2.4. Metabolic variables

The measurement of the metabolic variables was made using a specific treadmill (treadmill Simplex II. Columbus Instruments) designed for the recording of the oxygen consumption (V̇O2) and carbon dioxide output (V̇CO2). The treadmill was ventilated with an airflow inlet at 2.5 L/min. Instantaneous fraction of O2 and CO2 were evaluated continuously at the inflow and outflow with gases’ analyser for O2 and CO2 (FC‐10 and CA‐10 respectively; Sable system, Las Vegas, USA) connected to a data acquisition system. The airflow was desiccated before entering in the analyser. V̇O2 was calculated as previously described (Jeton et al., 2017; Marcouiller et al., 2014) according to the following formula and was normalized by the body weight:

V·O2=flow×FiO2FeO2FeO2xFeCO2FiCO2/1FeO2

where Fi and Fe are the fraction of O2 and CO2 in the inflowing and outflowing lines respectively.

Before the start of each test, the animals were weighed and then warmed‐up on the treadmill at a minimum speed of 10 m/min for 3 minutes. After that, the V̇O2 peak test started at 10 m/min and speed was then increased by 4 m/min every 2 min. The test was stopped when the animal could no longer run and preferred to stay still at the bottom of the treadmill despite delivery of a mild electrical shock. The intensity of electrical shock was adjusted to 1.5 mA and the protocol was quickly stopped after 2 consecutive shocks. At this time, V̇O2 peak (the highest value of V̇O2 attained during the test, ml/min/kg), time to exhaustion (the maximum duration of the test, min), and maximum speed (the maximal speed reached during the test, m/min) has been recorded.

2.5. Hematocrit and blood cell count

After deep isoflurane anesthesia (induction at 1 L/min, 5% isoflurane, 5 min and then face mask at 200 ml/min, 2% isoflurane), blood samples were collected at the tail level before and after one month of training and or hypoxia protocol (or equivalent time for NS groups). A volume of 70 µl was collected for hematocrit (HCT) and 300 µl for blood cell count.

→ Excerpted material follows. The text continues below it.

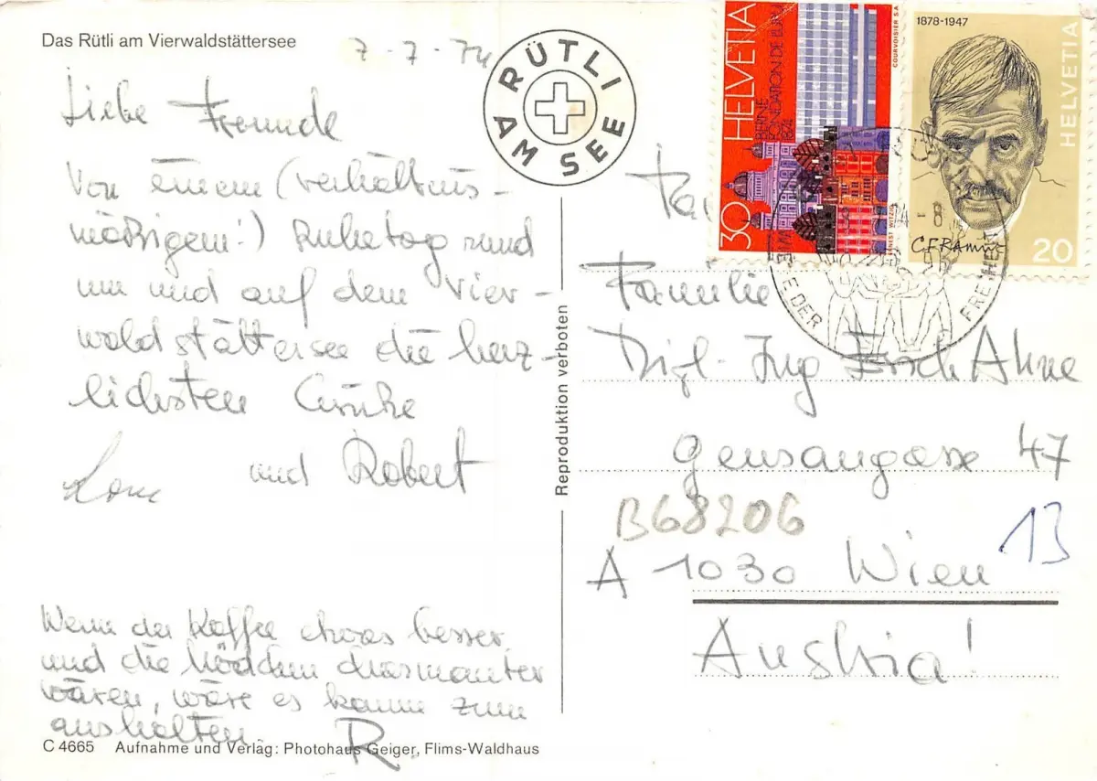Litho Luzern Stadt Schweiz, Hotel du Rutli, A. Disler-Felder

2.6. Blood and tissue sampling

After lethal IP injection of pentobarbital (100 mg/Kg), rats were exsanguinated and blood was collected (Around 2 ml). Blood was then centrifuged (800 G, 10 min) and plasma was collected. Then rib cage was opened and the heart was removed. After atria suppression, right ventricle (RV) and left ventricle +septum (LV + S) was isolated and weighted in order to determinate Fulton's ratio (RV/LV + S), an index of right ventricle hypertrophy. Finally, the soleus (SO; oxidative) and the gastrocnemius (GA; glycolytic) muscles (left side) were sampled for molecular biology. For this, the rear tendon was cut distally, underneath the heel. After that, the posterior muscle was pulled‐up and back‐warded. In this position, the tendon of the SO become visible and can be cut and removed. Finally, the GA was removed by holding it from the distal tendon and by cutting at the proximal end.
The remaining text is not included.